--- Recorded data ---
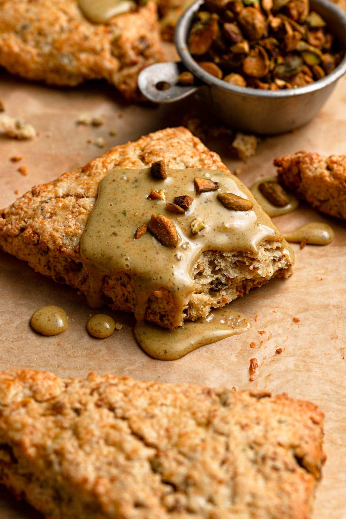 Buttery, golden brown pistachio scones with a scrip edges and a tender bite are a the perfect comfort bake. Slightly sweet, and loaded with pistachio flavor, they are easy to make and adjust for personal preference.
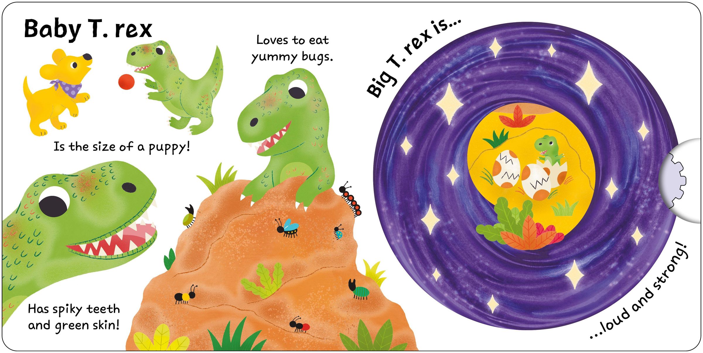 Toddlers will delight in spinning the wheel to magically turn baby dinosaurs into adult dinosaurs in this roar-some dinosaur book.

==

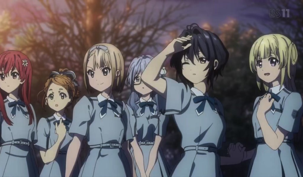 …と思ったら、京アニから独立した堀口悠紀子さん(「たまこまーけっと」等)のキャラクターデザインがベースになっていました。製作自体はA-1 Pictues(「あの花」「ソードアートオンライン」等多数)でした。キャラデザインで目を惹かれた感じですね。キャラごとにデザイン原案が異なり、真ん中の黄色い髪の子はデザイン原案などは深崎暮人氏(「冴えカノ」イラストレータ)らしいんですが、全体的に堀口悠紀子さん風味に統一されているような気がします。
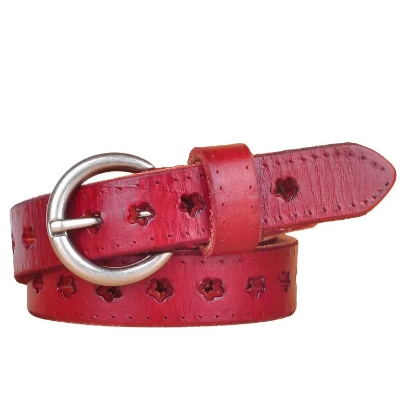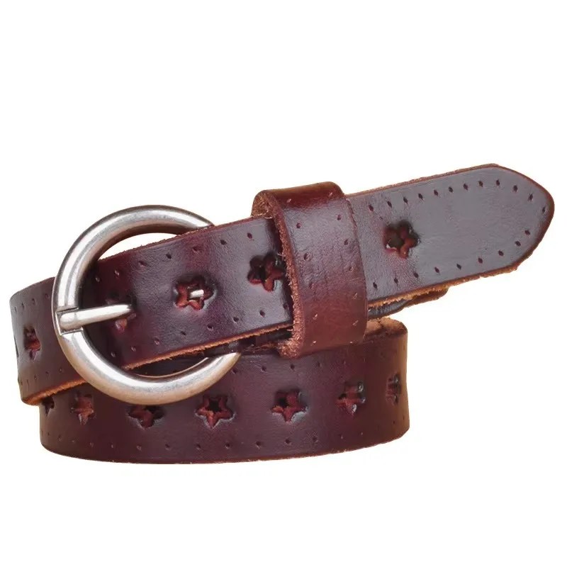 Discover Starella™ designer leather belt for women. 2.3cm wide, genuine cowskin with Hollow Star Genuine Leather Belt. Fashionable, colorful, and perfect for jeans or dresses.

--- Work task ---
Your answer should be the lines above, word for word, from the line with "Buttery, golden brown" through the line with "Toddlers will delight", minus the pictures.

--- Completed exercise ---
 Buttery, golden brown pistachio scones with a scrip edges and a tender bite are a the perfect comfort bake. Slightly sweet, and loaded with pistachio flavor, they are easy to make and adjust for personal preference.
 Toddlers will delight in spinning the wheel to magically turn baby dinosaurs into adult dinosaurs in this roar-some dinosaur book.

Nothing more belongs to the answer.